▸ Goal of the exercise: Type out the lines below exactly, from the first through the line holding "Haier 2D 60", and include no pictures.

___ Given entries ___

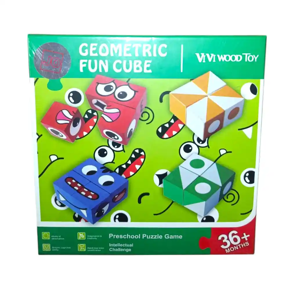El Geometric Fun Cube de ViVi Wood Toy es un juego de rompecabezas educativo ideal para niños mayores de 36 meses. Incluye cubos de madera con divertidas caras y patrones geométricos que estimulan la observación, la coordinación mano-ojo, la creatividad y el pensamiento lógico. Perfecto para desarrollar habilidades cognitivas desde la etapa preescolar de forma lúdica y colorida.
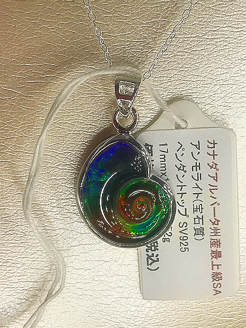 この可愛いアンモライトの形のお品物は、ルースのみでしか仕入れ不可能な為、工房でシルバー加工して、ペンダントにしました特注品です☆
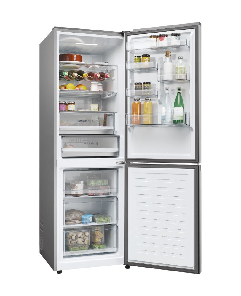 Haier 2D 60 Serie 5 Pro HDPW5618CNPD. Capacità netta totale: 352 L. Cerniera porta: Destra. Classe climatica: SN-T, Emissione acustica: 35 dB. Capacità netta frigorifero: 235 L, No Frost (frigorifero), Luce interna, Numero di ripiani frigorifero: 3. Capacità netta congelatore: 117 L, Capacità di congelamento: 10 kg/24h, No Frost (congelatore). Compartimento zona fresca. Classe efficienza energetica: C, Consumo energetico annuo: 171 kWh. Colore del prodotto: Acciaio inox
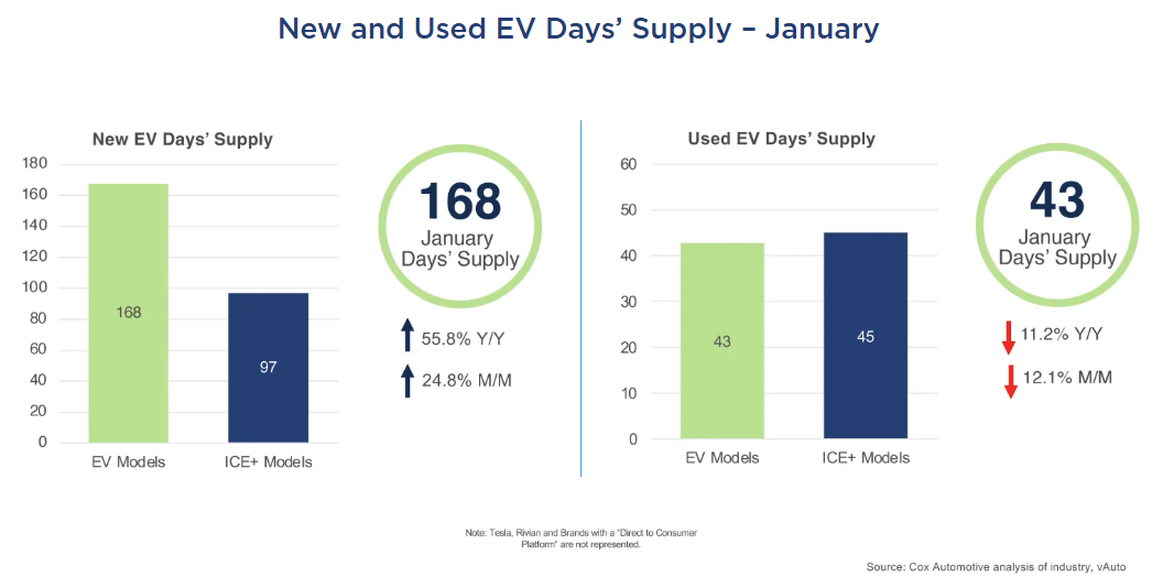 EV Days’ Supply: New EV days’ supply rose to 168 days in January, 55.8% higher than year‑earlier levels and up 24.8% month over month. The gap between EV and ICE+ days’ supply widened to 71 days, up from 59 days last month. At 168 days, new EV days’ supply is at its highest level since July 2024 and has nearly quadrupled from September’s near‑record low of 46 days. EV supply sat below ICE+ levels as recently as late October – that gap has since reversed by roughly 78 days.
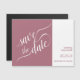 These save the date cards are simple, modern, minimalist, and elegant. They feature a contemporary two pane design. The dusty rose or mauve pink panel on the left has script calligraphy reading "save the date." The panel on the right has your names, the wedding date, and location in a trendy right justified layout. Beautiful way to help your friends and family remember your upcoming special day.
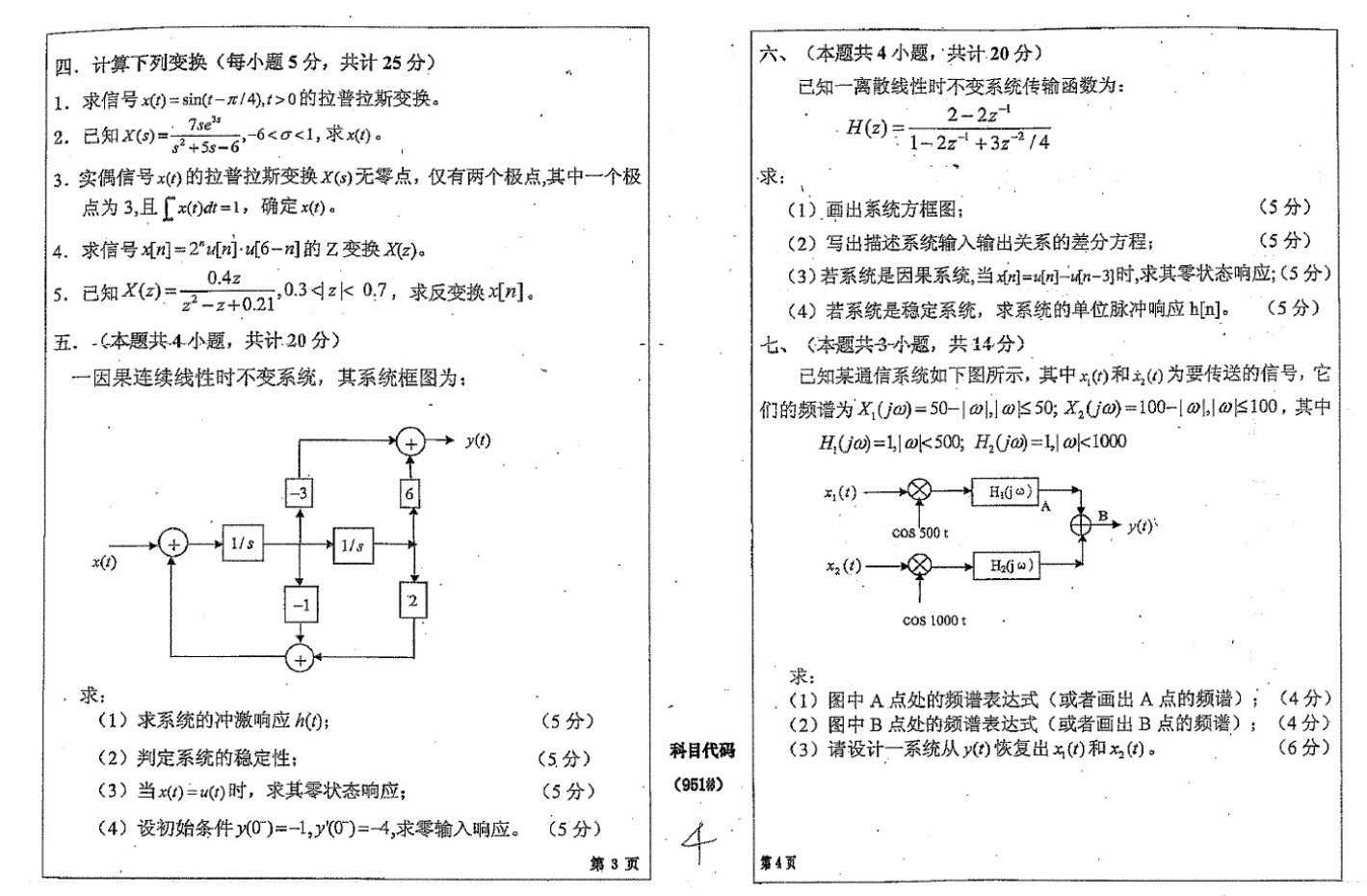 四川大学考研信号与系统(951)2008-2006年考研真题(2)
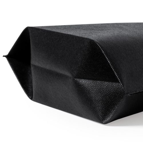 Linie “Natur” Tasche, hergestellt aus 70g/m2 recyceltem Vliesstoff. Hergestellt in Europa, mit verschweißter Oberfläche, Bodenfalte, verstärktem, gestanztem Griff und Öko/Made-in-Emblem auf der Tasche.
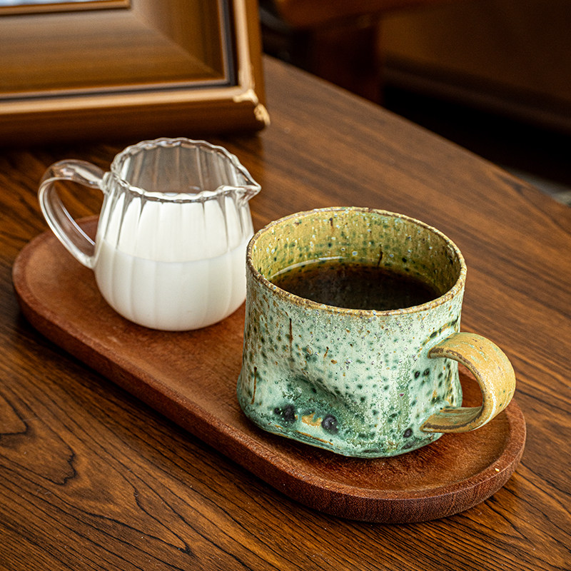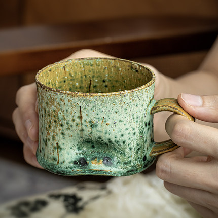 巷子尾〖国内手作〗手捏粗陶拿铁杯咖啡杯侘寂风茶杯个性马克杯
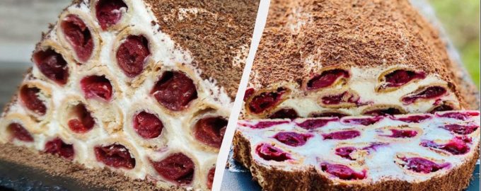 Der köstliche Klosterhüttenkuchen ist eines der „winterlichsten“ Desserts. Er ist nicht nur köstlich, sondern auch ein wunderschönes Dessert, das an verschneites Brennholz erinnert. Die Idee des Gerichts ist ganz einfach: Teigröhren werden mit Kirschen gefüllt, pyramidenförmig übereinander gestapelt und mit saurer Sahne bestrichen. Das fertige Dessert ist süß und sauer, mit einer Beerennote, und sehr leicht für den Magen.
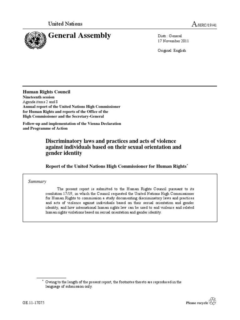 The present report is submitted to the Human Rights Council pursuant to its resolution 17/19, in which the Council requested the United Nations High Commissioner for Human Rights to commission a study documenting discriminatory laws and practices and acts of violence against individuals based on their sexual orientation and gender identity, and how international human rights law can be used to end violence and related human rights violations based on sexual orientation and gender identity.
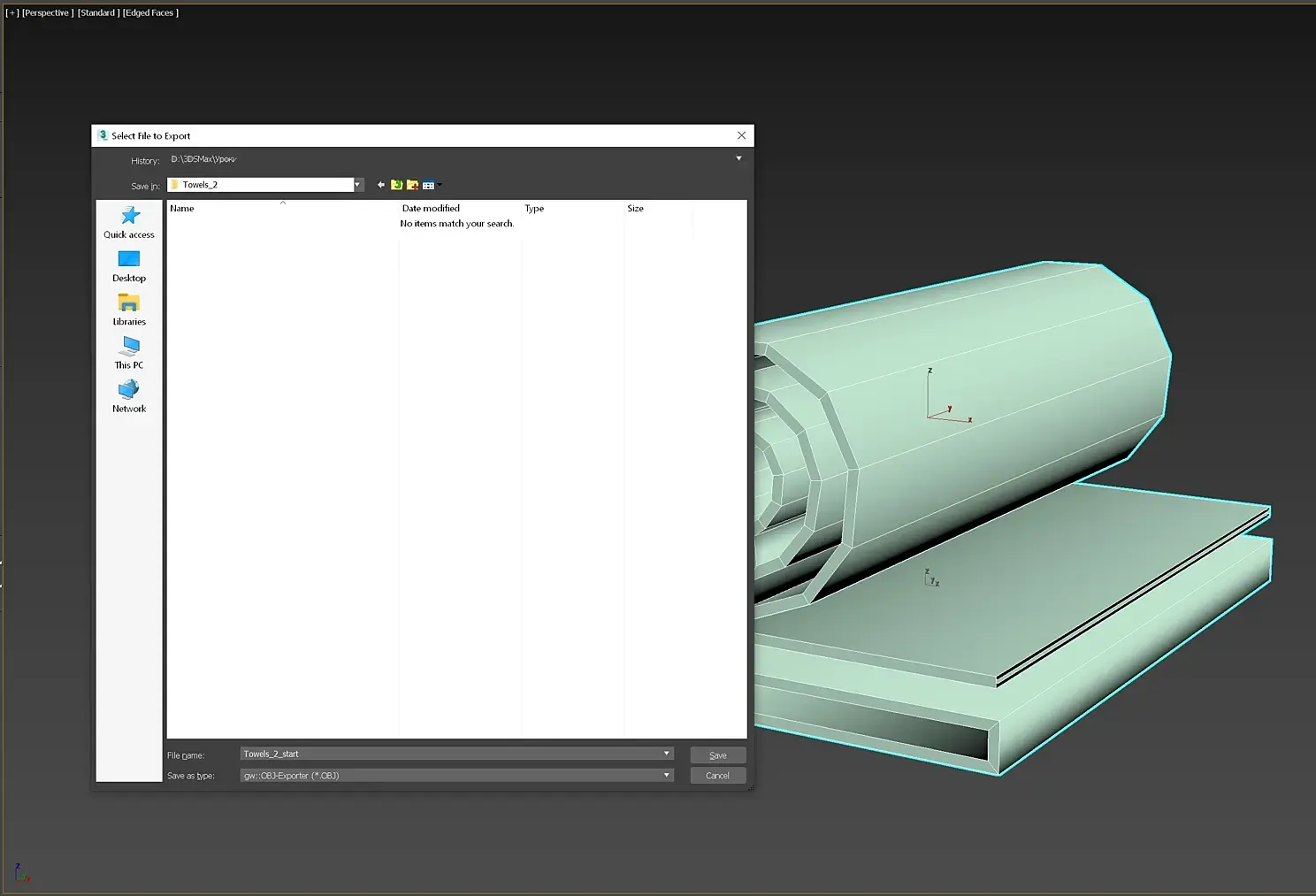 Последний шаг – перевести заготовку в Editаble Poly, сделать ResertXForm и снова перевести в Editable Poly. Мы готовы к просчету ткани в программе симуляции. Выделяем объекты, File-Export Selected, указываем путь сохранения.
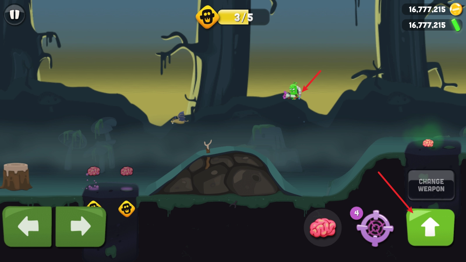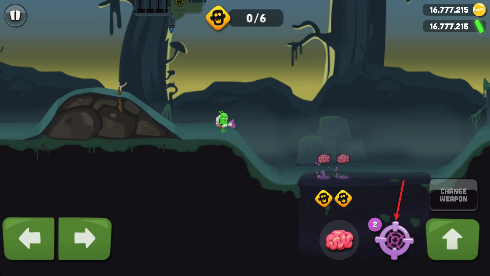 2、进入后,借助左侧的按钮进行移动,寻找合适的位置放置脑子,以此吸引僵尸现身。
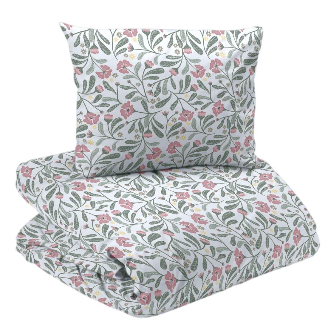 Bäddset LOVIS med vita och rosa blommor och slingrande gröna blad på vit bottenfärg

___

▸ Answer area:
El Geometric Fun Cube de ViVi Wood Toy es un juego de rompecabezas educativo ideal para niños mayores de 36 meses. Incluye cubos de madera con divertidas caras y patrones geométricos que estimulan la observación, la coordinación mano-ojo, la creatividad y el pensamiento lógico. Perfecto para desarrollar habilidades cognitivas desde la etapa preescolar de forma lúdica y colorida.
 この可愛いアンモライトの形のお品物は、ルースのみでしか仕入れ不可能な為、工房でシルバー加工して、ペンダントにしました特注品です☆
 Haier 2D 60 Serie 5 Pro HDPW5618CNPD. Capacità netta totale: 352 L. Cerniera porta: Destra. Classe climatica: SN-T, Emissione acustica: 35 dB. Capacità netta frigorifero: 235 L, No Frost (frigorifero), Luce interna, Numero di ripiani frigorifero: 3. Capacità netta congelatore: 117 L, Capacità di congelamento: 10 kg/24h, No Frost (congelatore). Compartimento zona fresca. Classe efficienza energetica: C, Consumo energetico annuo: 171 kWh. Colore del prodotto: Acciaio inox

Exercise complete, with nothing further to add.